2.7. Multiplex immunochemistry (mIHC) staining of human tissues in pan-cancer

Resected tumor tissues were initially fixed in 4 % paraformaldehyde before paraffin embedding. The resultant tissue sections (4 μm) underwent a 2-h baking step at 65 °C in an oven, followed by xylene dewaxing and gradual rehydration through a series of alcohol gradients. Afterwards, mIHC kits (AKOYA Biosciences, USA, NEL820001KT) were applied to stain the tissue sections aforementioned, adhering to the guidelines provided by the manufacturer. Tissue sample images were then captured using the Akoya Phenocycler Fusion system (AKOYA Biosciences, USA) and subsequently processed utilizing Phenochart software (version 1.2.0). The selected antibodies were employed as per recommended dilutions and incubation times, with details outlined in Table S1.

2.8. Potential in immunotherapy prediction and drug sensitivity analysis

Based on the Tumor Immune Dysfunction and Exclusion (TIDE) database, the "Biomarker Evaluation" unit,can perform the comparison between the expression level of FERMT2 and other already published biomarkers using their predictive ability for response outcomes and prognosis. We utilized the "Drug sensitivity" module within the Gene Set Cancer Analysis (GSCA) online database to investigate the association between FERMT2 expression levels and diverse tumor drug resistance patterns. Leveraging relevant drug data from the GDSC and CTRP databases, we identified the top 10 drugs that exhibited the strongest positive and negative correlations with FERMT2 expression.

2.9. Cell lines

The immortalized cancer-associated fibroblasts after transformation were separated from human gastric cancer tissues, generously provided by my friend, Dr. Che Gang (The First Affiliated Hospital of Zhejiang University). CAFs were cultured in the Dulbecco's modified Eagle's medium (DMEM, Gibco, USA),supplemented with 10 % FBS, and kept in a 37 °C incubator with a 5 % CO2 humidified atmosphere.

2.10. RNA interference

The small interfering RNA targeting FERMT2 as well as the corresponding negative control was designed by Qingke Biotech (Guangzhou, China).Three sequences targeting FERMT2 (sense 5′–3′) are as follows: si-1: CCUUGCUGCUCCGAUUCAA (dT) (dT); si-2: GCCCAGGACUGUAUAGUAA (dT) (dT); si-3: GCUAGAUGACCAGUCUGAA (dT) (dT). And the negative control sequence is ‘UUCUCCGAACGUGUCACG UTT’. CAFs cultured in 6-well plates were transfected with si-RNA according to the manufacturer's instructions when reaching 60–80 % confluence. And the knockdown efficiency was confirmed using the western-blot method.

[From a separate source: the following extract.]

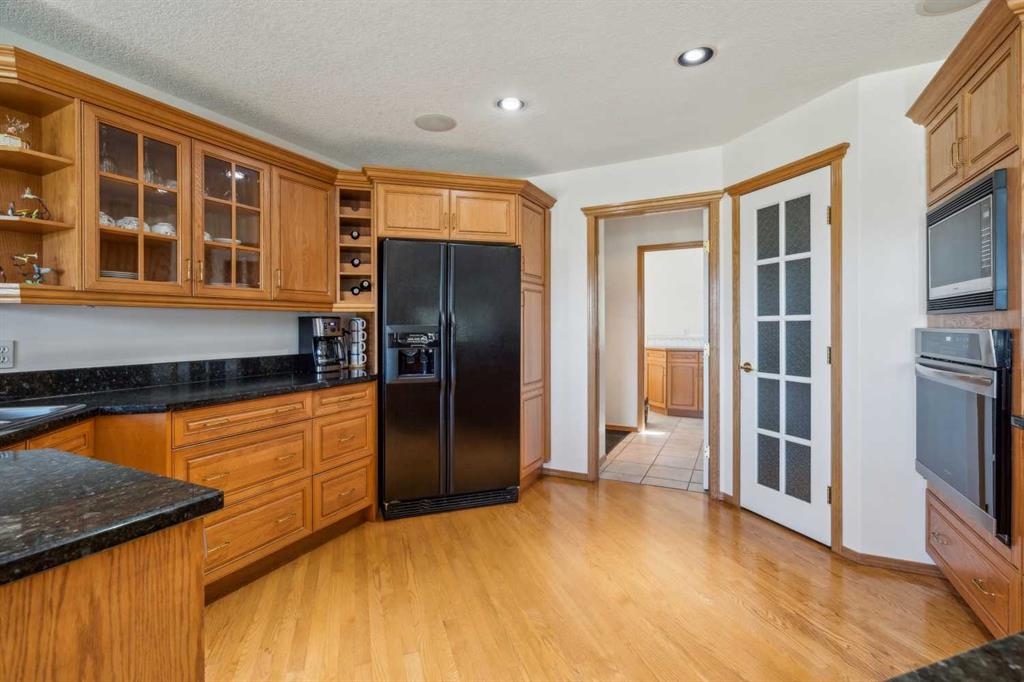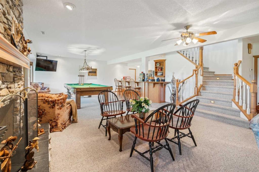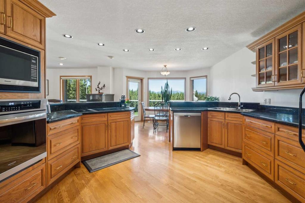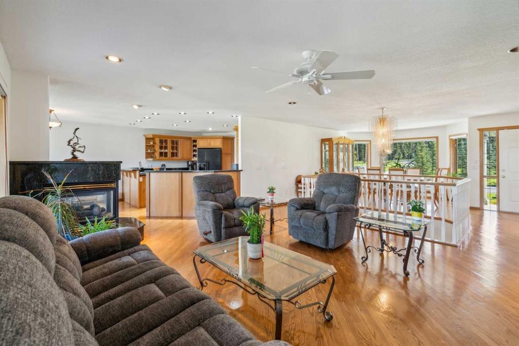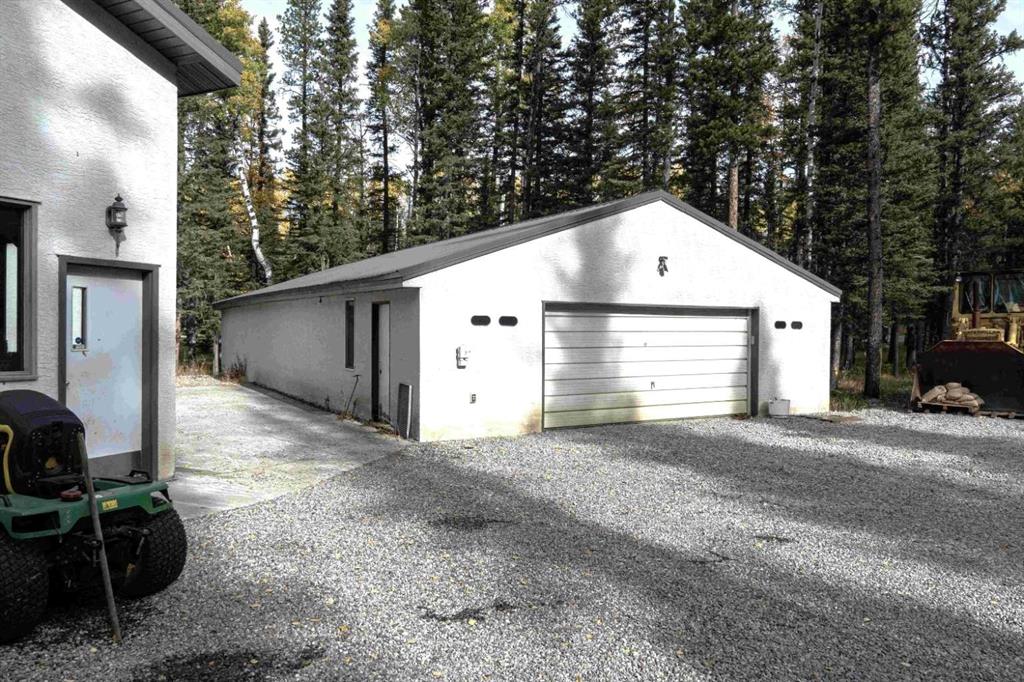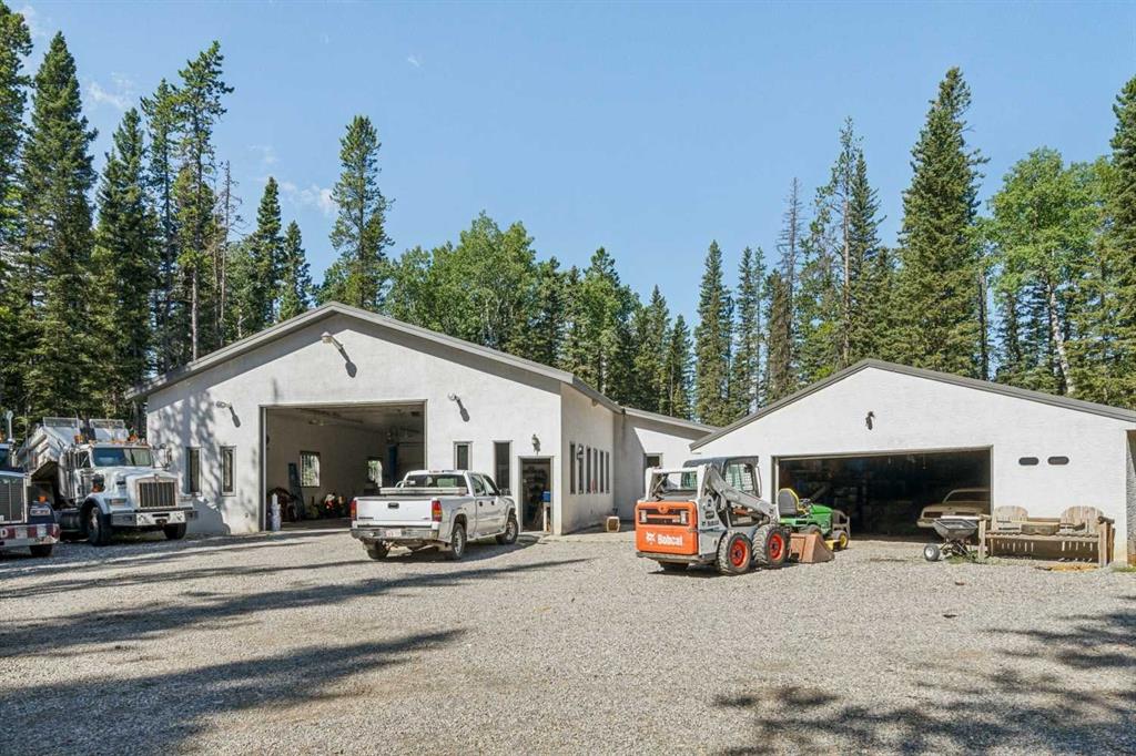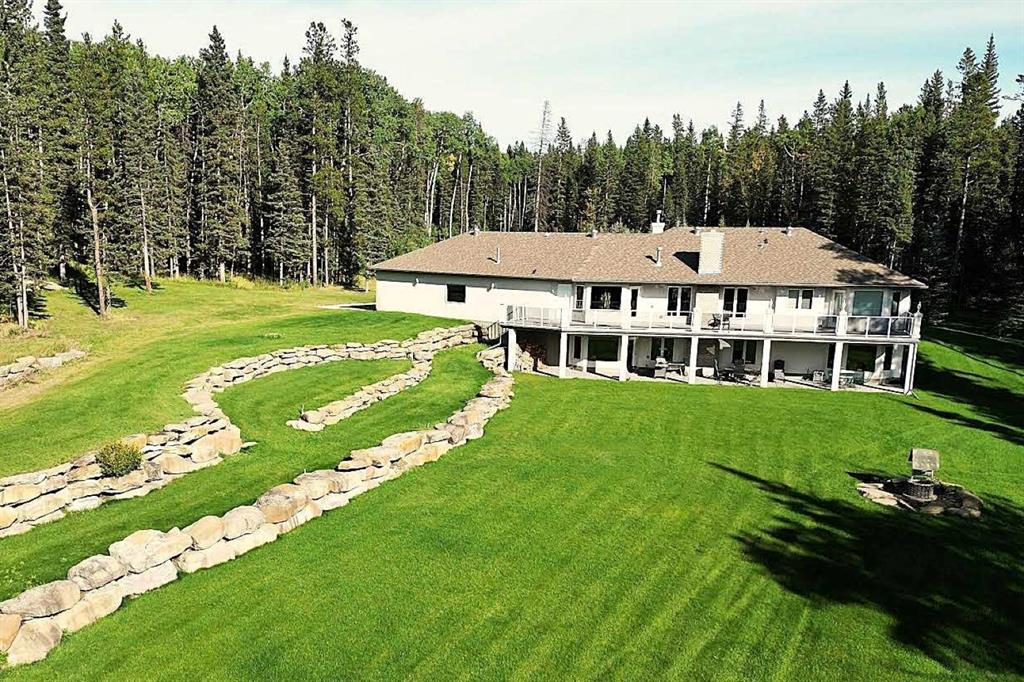 ** GORGEOUS VIEWS, GREAT SETTING** Less than thirty minutes from Calgary lies a jewel of a home, a secluded acreage with stunning views, and some very unique outbuildings. This 23 acre estate has a main floor and lower-level walkout; both with sweeping vistas of the impressively landscaped backyard and mountains beyond. Upon arrival through the private cul-de-sac, the first thing you notice are the impeccably maintained lawns and groomed driveway. The front entrance opens to a bright foyer that leads either to a formal dining area, or to a grand living room with site-finished oak floors and many windows showcasing the beauty beyond. It shares a three-way gas fireplace with the cosy dining nook and bay window, and the updated kitchen with quartz countertops and a large walk-through pantry. The pantry connects to the generous garage mudroom and laundry room. The large back deck runs along the length of the house and opens into the primary bedroom suite with walk-in closet, bay window, and 4-piece en-suite. This wing of the house has two more good size bedrooms and another full bathroom. The heated large three-car garage is an appealing feature with almost 1400 square feet of room, plenty of storage, windows, and a separate stair leading to the lower level. Downstairs you’ll find a large rec room with updated Berber carpet and a fieldstone floor-to-ceiling wood-burning fireplace, as well as an amazing bar with its own full size fridge and dishwasher- the perfect place to entertain. There is also a spacious office, and another bedroom and bath that would be perfect for guests. Leaving the main house, you’ll come to a truly special feature of the property, a large shop which is a mechanics dream. Not only does it have a ten thousand pound hoist and lift, but also radiant in-floor heat, and has its own bathroom, shower and laundry. Socks not completely knocked off? Attached is a very spacious area that used to be a fully functional butcher shop, complete with a large walk-in cooler. Although this space would be a hunter's delight, it also has many possibilities for studio space, other hobbies, or home based business, with its gleaming tile, industrial sinks, and extensive counters. There is also another 30 x 60 storage building for the toys; to store boats, cars, recreational vehicles or any other equipment. This acreage is one of a kind!

2.11. Statistical analysis

All bioinformatics analyses were conducted applying R software (4.2.1). Based on the distribution and variances of the data, either the Student's t-test or the Wilcoxon test was applied for analyzing continuous variables. One-way ANOVA analysis was used for comparison of continuous variable differences among multiple groups. The two-sided log-rank test was utilized to compare survival curves. All p-values were two-tailed, and the statistical significance threshold was defined as P < 0.05.

3. Results

3.1. Expression and genetic alterations of FERMT2

This study, based on the TCGA database, incorporated samples of various cancer types for comprehensive Investigation. The design of this study is schematically illustrated in Fig. 1. Detailed identifiers of samples as well as datasets implemented in this study can be obtained in Supplementary file (Supplementary Table 1).

Fig. 1.

Fig. 1

The flow chart depicting the entire study process.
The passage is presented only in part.